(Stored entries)
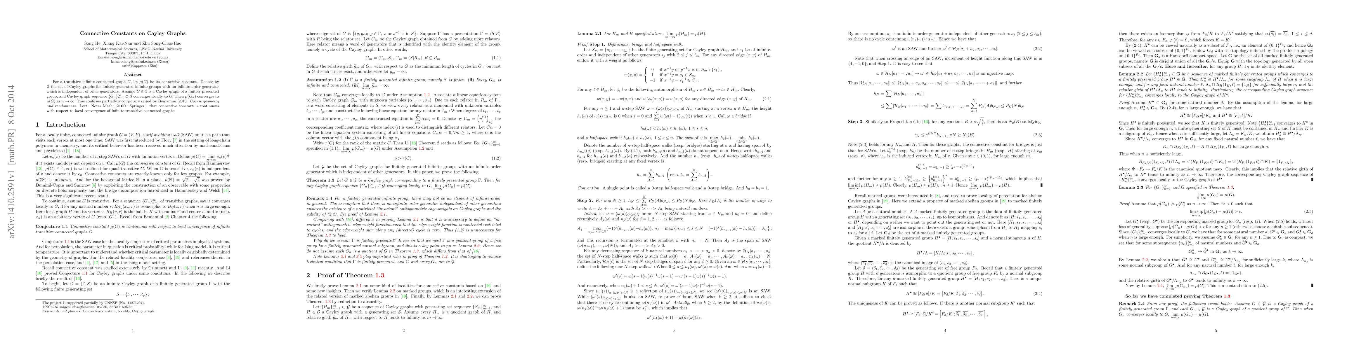 This paper confirms a conjecture that the connective constant of a graph is continuous with respect to local convergence, showing that the limit of the connective constants of a sequence of Cayley graphs converging locally to a graph equals the connective constant of the limit graph.
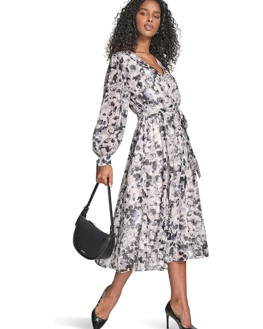 - The Calvin Klein® V-Neck Long Sleeve Chiffon Midi dress.
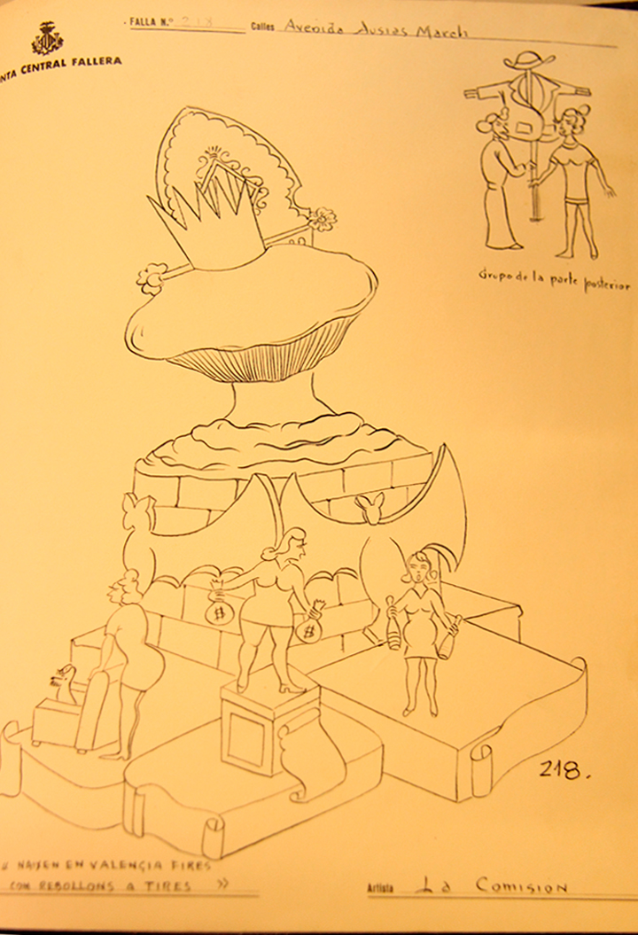 AÑO 1985FM Mª ESTHER DE LOS RIOS MODREGOLEMA FALLA GRANDE“ECONOMIA VALENCIANA”ARTISTA: LA COMISIÓN
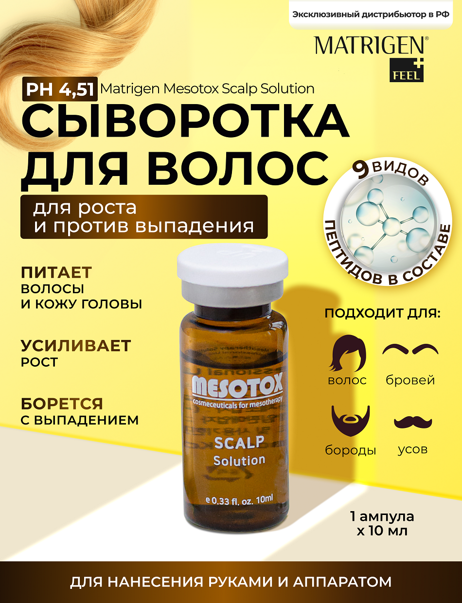 Matrigen Mesotox Scalp Solution Сыворотка для роста и против выпадения волос для мезороллера / под дермапен, 1 ампула х 10 мл: сравнение цен, характеристики, фото, актуальное наличие и цены.
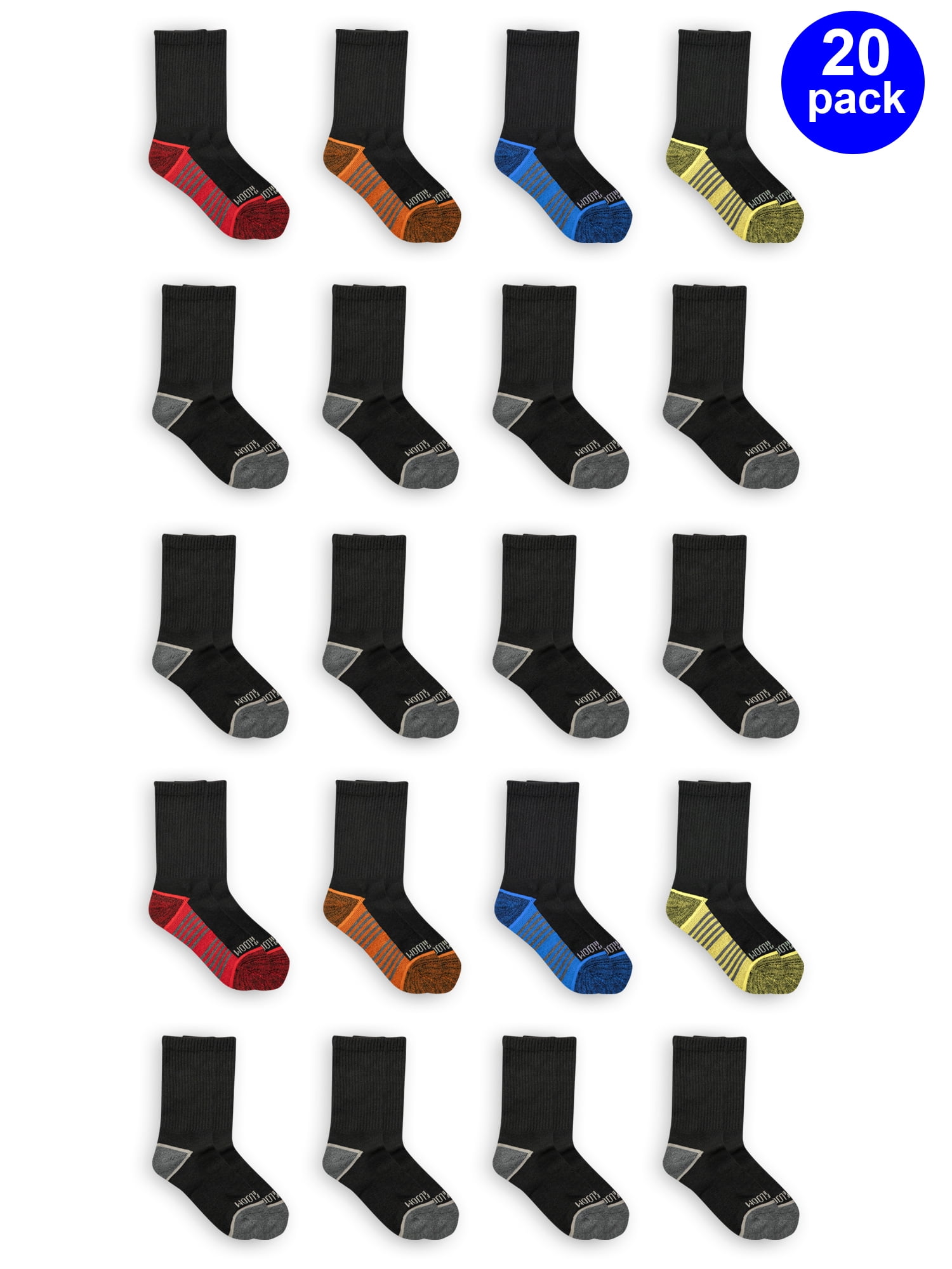 Fruit of the Loom Boys Cushioned Crew Socks, 20 Pack

> [REQUIRED WORK]
Exclude all images and restate the records above word for word.

> [TASK OUTPUT]
 This paper confirms a conjecture that the connective constant of a graph is continuous with respect to local convergence, showing that the limit of the connective constants of a sequence of Cayley graphs converging locally to a graph equals the connective constant of the limit graph.
 - The Calvin Klein® V-Neck Long Sleeve Chiffon Midi dress.
 AÑO 1985FM Mª ESTHER DE LOS RIOS MODREGOLEMA FALLA GRANDE“ECONOMIA VALENCIANA”ARTISTA: LA COMISIÓN
 Matrigen Mesotox Scalp Solution Сыворотка для роста и против выпадения волос для мезороллера / под дермапен, 1 ампула х 10 мл: сравнение цен, характеристики, фото, актуальное наличие и цены.
 Fruit of the Loom Boys Cushioned Crew Socks, 20 Pack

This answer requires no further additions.